Earlier this year, Lee left her fund management job at South Korea’s national pension fund, the world’s third-largest, fed up with long commutes between her home in Seoul and her office in Jeonju, 200 kilometers away.
For four years, Lee lived in a studio apartment in Jeonju, a city of 658,000, on weekdays, and traveled back to Seoul for the weekend.
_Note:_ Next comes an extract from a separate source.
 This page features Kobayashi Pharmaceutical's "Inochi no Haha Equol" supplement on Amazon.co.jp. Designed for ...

She feared her family would break up if she didn’t make the hard decision to quit.
Lee is one of some 140 money managers who has left the 930.5 trillion won ($788 billion) National Pension Service since 2016, shortly before it moved to Jeonju, a sleepy provincial capital, as part of the government’s relocation of major agencies away from the capital Seoul.
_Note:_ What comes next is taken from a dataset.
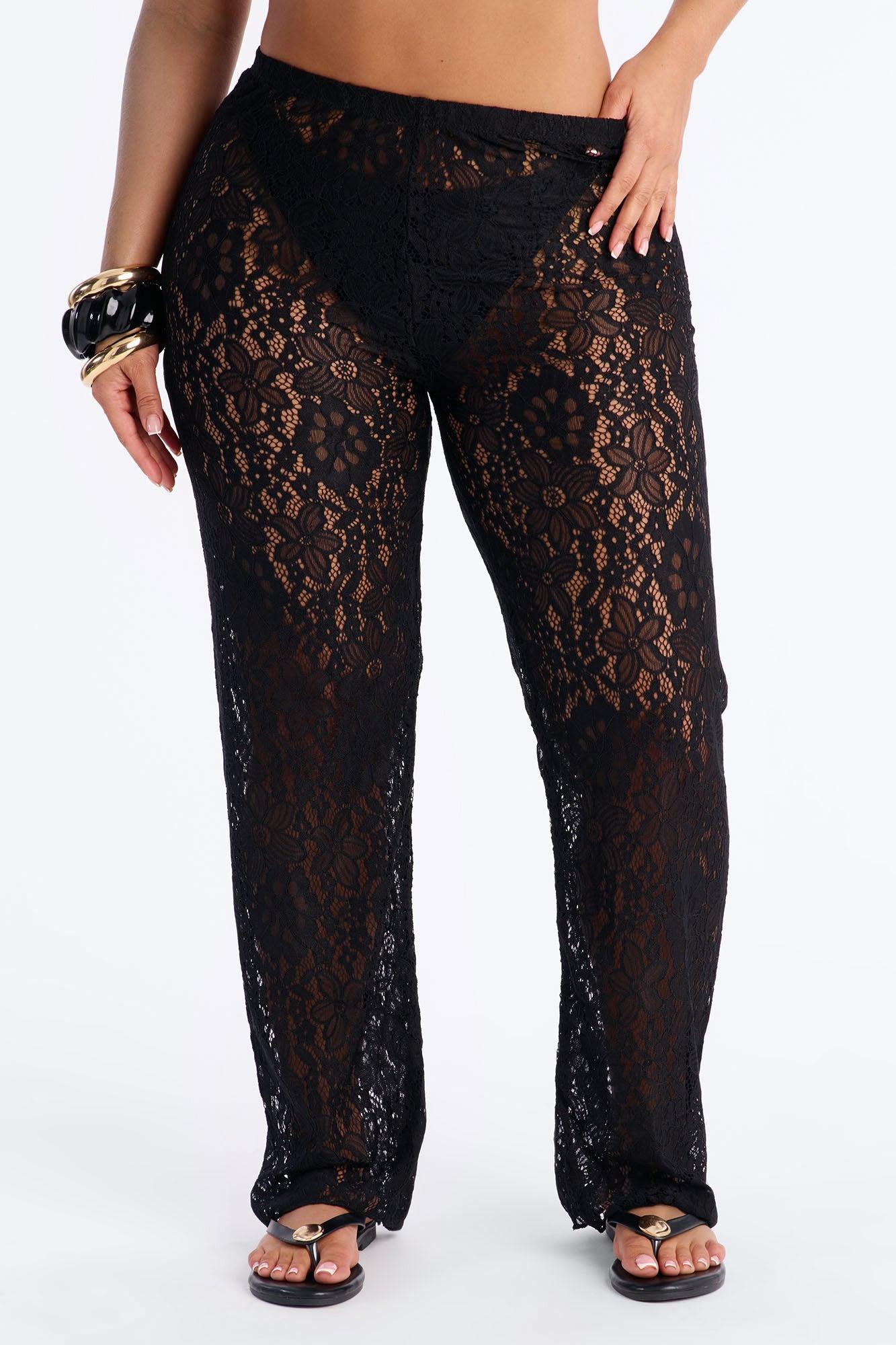 Keeping It Lacey Swim Lace Cover Up Pants - Black Female

That is almost half the 320 currently working at the fund’s investment arm, an alarming brain drain for the main public retirement plan of Asia’s fourth-largest economy and a major investor in Korean blue-chips such as Samsung Electronics and Hyundai Motor Co.
“Staying in Jeonju for the weekdays, I felt I was missing out on so much of my life, I couldn’t stand it anymore and decided to head up to Seoul,” said Lee, who now works for an asset manager based in Seoul’s financial district and agreed to be identified only by her surname.
With assets valued at nearly half the nation’s gross domestic product, the NPS manages pensions for private-sector workers and self-employed South Koreans.
A massive wave of retirements due in coming years in the world’s fastest aging society has raised the stakes for management at the fund.
Over the past five years, however, the NPS has only filled 57% of jobs it opened.
An NPS official said that partly reflects the greater number of openings as the fund grows investments but acknowledged the issues around the relocation.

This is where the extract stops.